Another great use for beer: With proper aim, you can hit a robber in the head with a can of beer before he shoots you, then you can still drink the beer. If you attempt this after drinking too many beers you will probably miss and then he will shoot you and drink your beer instead. Not good. You just wasted beer.
This article forgot to mention that garden hoses, especially cheap ones made with a high ratio of recycled plastics contain lead and other toxic chemicals in the plastic and brass fittings. In addition, hoses are often used to spray chemicals on the garden, and may retain those chemicals on surfaces. The best advice is for children never to drink out of a garden hose, no matter what distance away from the end, and for all people to wash their hands carefully after handling a garden hose before ingesting anything. I found this advice at several sites, Consumer Reports, EPA, the California health department, several hose manufacturers and others.
If you want to drink through a hose, stop at the camping supply store and get one that's been approved by the FDA. It's white and won't contaminate the water.
Spit on a wound? Get way, way out. Add some Strep species, anaerobes, then seal them into the wound with some "liquid skin", and you have a lovely setup for a lousy infection.
Hey, real doctor and/or real housepainter and bass player, is it OK to have a cat lick a wound to clean it and then cover it with a poulitice of boiled onions?
If the author had recommended that you have someone else spit on your wound, I would agree with you 100%. The human mouth is rife with all sorts of bacteria, but surprisingly, your own saliva poses little risk of causing infection. Your body is largely immune to the bacteria present in your own saliva. Do not, however, lick your wounds if you are exhibiting any symptoms of illness. That is evidence that bacteria for which you do not have an immunity may be present.
The author's recommendation to avoid sea water is only partly correct. While I agree that you should not expose an open wound to the sea, salt water does speed healing. Many doctors in coastal regions recommend a dip in the ocean to speed healing of closed wounds following surgery.
Mythbusters proved you can swim right after eating. They had an entire swim team swim right after eating and never had a single problem. That myth has been busted and the person who wrote this article did not do a good job researching this myth. It has also been proven not to be true by other people.
As someone who is battling cellulitis because I went kayaking last week with a cut leg, I wish I had read this before I went. Not fun taking amoxicillan for 10 days.
My mum always told me: spit on the robber, have a gulp of beer from the garden hose and then go for a swim with the lizard. I never did any of these and I'm still alive & kicking.
Throw the lizard at the robber, while he is distracted tie him up with the garden hose (though remembering not to drink out of it), then drink the beer in triumph.
In 1972, on Pensacola Beach, one of my fellow Tars stepped on a fish resembling a catfish that someone had buried on the beach as they considered it a junk fish.
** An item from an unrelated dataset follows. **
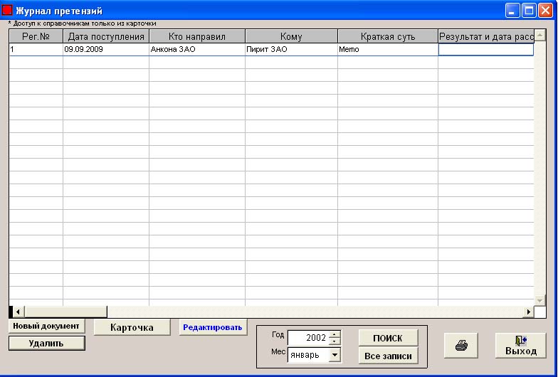 - Удалить - удаление старой претензии. Выбираете любую претензию и нажимаете на кнопку Удалить. Программа спросит вас "Удалить эту запись?". Вы нажимаете "Да".

It's dorsal fin was embedded in the guys foot. I had been down the beach talking to a lady who told me her husband out in the water was a Navy Doctor. Since we were all Navy, I went and got her and her husband. He jerked the fish out of the foot and then someone said "Get some seawater to wash it." The doc said "Seawater is not sanitary, Has anyone got a beer." We gave him a cold one and he poured it on the wound and then took a drink, his fee I guess. I didn't see in the article anything about blowing flame from your mouth, so I guess that's OK to do. I had a friend who would put lighter fluid in the front of his mouth, walk up to someone at a party getting ready to light a cigarette, light his cigarette lighter, say you need a light, and then proceed to blow flame out of his mouth.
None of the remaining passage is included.